(WHAT YOU ARE ASKED TO DO)
Ignore the pictures in the data below and set down exactly the lines from its first line through the line containing "L'alentiment de la".

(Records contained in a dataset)
BEGIN

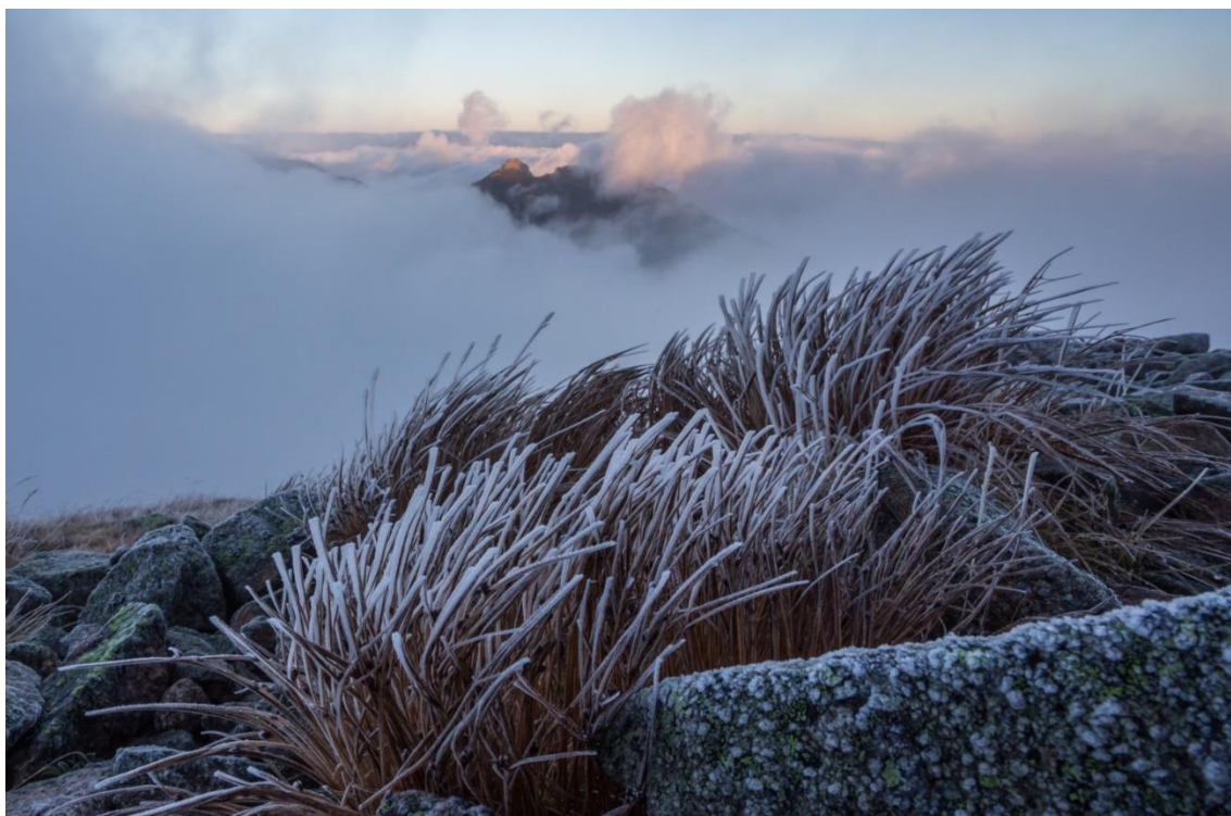
Zima wysoko w Tatrach.

Kraków 2°C Kielce 1°C Rzeszów 3°C Zakopane 1°C
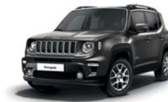
503 Sting Grey (pastelowy)
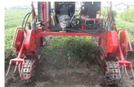
乗用型土壌反転機
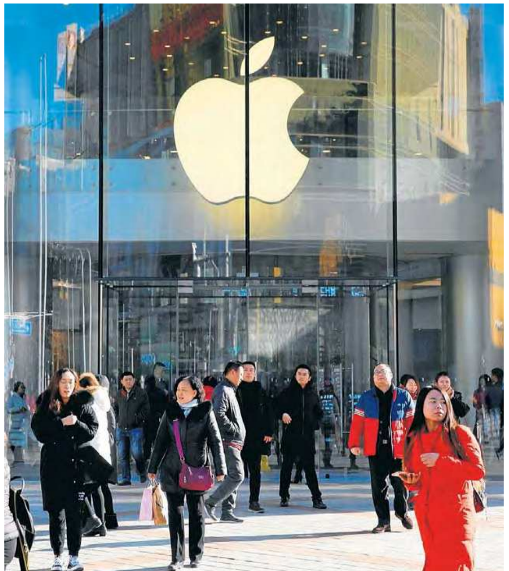
Fotografia d'una botiga Apple a Pequín. La companyia té una cinquena part del seu mercat a la Xina.

L'alentiment de la demanda dels consumidors també podria estar accelerant les tendències en la indústria dels smartphones, que Apple domina des de fa una dècada.
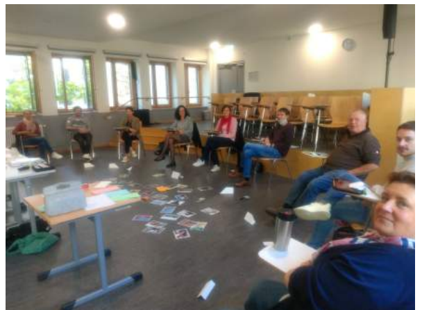
Gemeinsames Erarbeiten von Bewältigungsstrategien
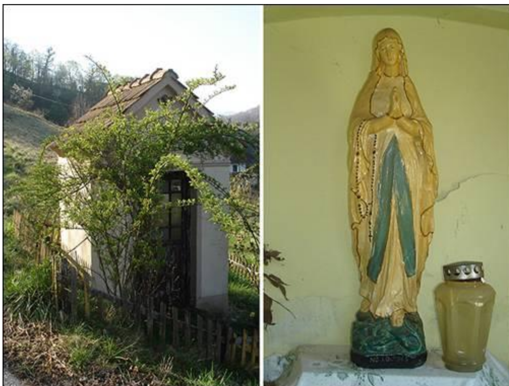
Mrkačova kapela v Paradižu Fotografiral Ivo Zupanič marca 2008.
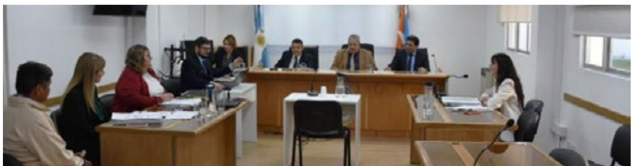
Piden 20 años de prisión para un hombre acusado de abusar de su hijastra en Tolhuin.
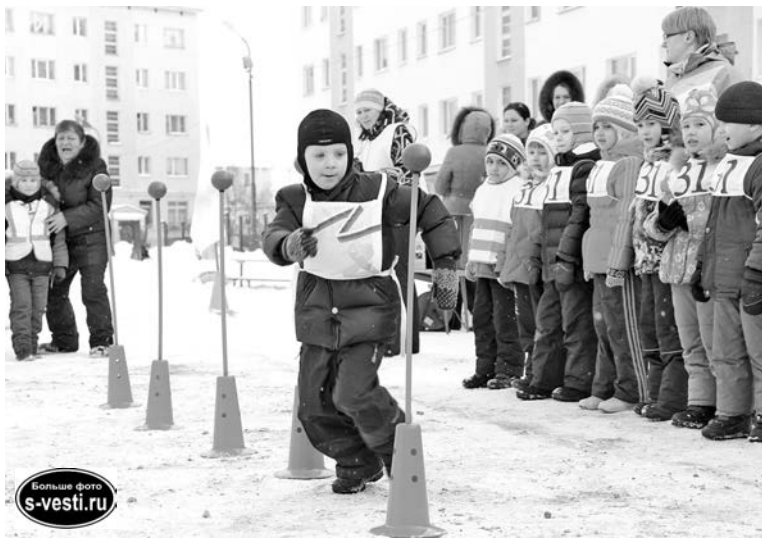
К спортивным соревнованиям юные олимпийцы отнеслись по-взрослому серьезно.

– Главная цель соревнований – сформировать у детей любовь к спорту, привычку здорового образа жизни. Наша задача сделать так, чтобы все прошло весело, интересно, чтобы спартакиада стала для ребят праздником. А ее результаты – это уже информация к размышлению их наставникам, – рассказала одна из организаторов

END

(REPLY TO THE TASK)
Zima wysoko w Tatrach.

Kraków 2°C Kielce 1°C Rzeszów 3°C Zakopane 1°C
503 Sting Grey (pastelowy)
乗用型土壌反転機
Fotografia d'una botiga Apple a Pequín. La companyia té una cinquena part del seu mercat a la Xina.

L'alentiment de la demanda dels consumidors també podria estar accelerant les tendències en la indústria dels smartphones, que Apple domina des de fa una dècada.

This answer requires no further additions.